Telemedicine isn't for every practice; however, given the current environment related to equipment availability and reimbursement opportunity, this is a service that should be evaluated for consideration by your practice.

Pearl: Determine Eligibility

The Centers for Medicare & Medicaid Services (CMS) provides payment for "seeing" Medicare beneficiaries via telemedicine, but only if those patients are in a Health Professional Shortage Area (HPSA). You can access the federal government's Medicare Telehealth Payment Eligibility Analyzer to determine eligibility for Medicare payment, based on the location of the originating site, at
https://datawarehouse.hrsa.gov/tools/analyzers/geo/Telehealth.aspx.

Pearl: Join a Telemedicine Home-monitoring Pilot

In addition to "seeing" patients, telemedicine also forms the basis of home-monitoring programs. Used by both hospitals and medical practices, patients are provided tablets and biometric devices to track their blood pressure, weight, blood sugar and/or other vital signs. Patients can be monitored remotely, with providers able to respond before symptoms escalate. While reimbursement for this specific service may not be offered, or only provided by a small number of payers, research has proven that this use of home monitoring can improve quality of care, while reducing costs associated with readmissions and emergency department visits. Consider joining a telemedicine home-monitoring pilot, or work with your local hospital to determine opportunities for your practice to engage in this innovative model of supporting patients' care.

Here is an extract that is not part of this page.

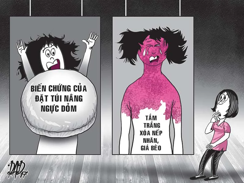 Tuy nhiên, đằng sau các dịch vụ thẩm mỹ giá rẻ đó là nguy cơ tai biến rình rập. Mới đây, Bệnh viện (BV) Nhân dân 115, TP.HCM tiếp nhận bệnh nhân NTAQ, 42 tuổi với các triệu chứng sốt cao, mặt sưng, toàn bộ vùng má bên phải lan đến vùng cổ bị đỏ tấy. Chị Q. cho biết trước đó chị đi xóa nếp nhăn tại một cơ sở thẩm mỹ bình dân. Bác sĩ cho biết chị bị thương tổn vùng da ngoài do xóa nếp nhăn không đúng kỹ thuật, đồng thời bị dị ứng các chất kem bôi da không đảm bảo chất lượng.

Pearl: Consider Leasing Equipment

If telemedicine piques your interest, but you don't want to sink a lot of money into this opportunity, leasing telemedicine equipment may be your best bet. Equipment leases are available from many vendors; some offer a more full-service option incorporating the facilitation of business as well.

Pearl: Talk to Hospitals about Partnering

It's likely that you can't call your friend who is a primary care physician across town, and start "seeing" his or her patients via telemedicine. In order to bill for services, most payers, including Medicare, require equipment on both ends (the "originating" site and the "host" site, the latter of which is your practice). Furthermore, for Medicare, the originating site must be in a rural Health Professional Shortage Area (HPSA) located either outside of a Metropolitan Statistical Area (MSA), in a rural census tract or a county outside of a MSA. If this is an opportunity you wish to pursue, take out a map and determine which areas might be appropriate for you to engage with a local hospital. Contact the hospital administrator in a qualifying area to determine if the facility has telemedicine equipment, as well as the interest in partnering with you. In addition to the community benefit, remind the hospital administrator that each encounter is billable from the originating site.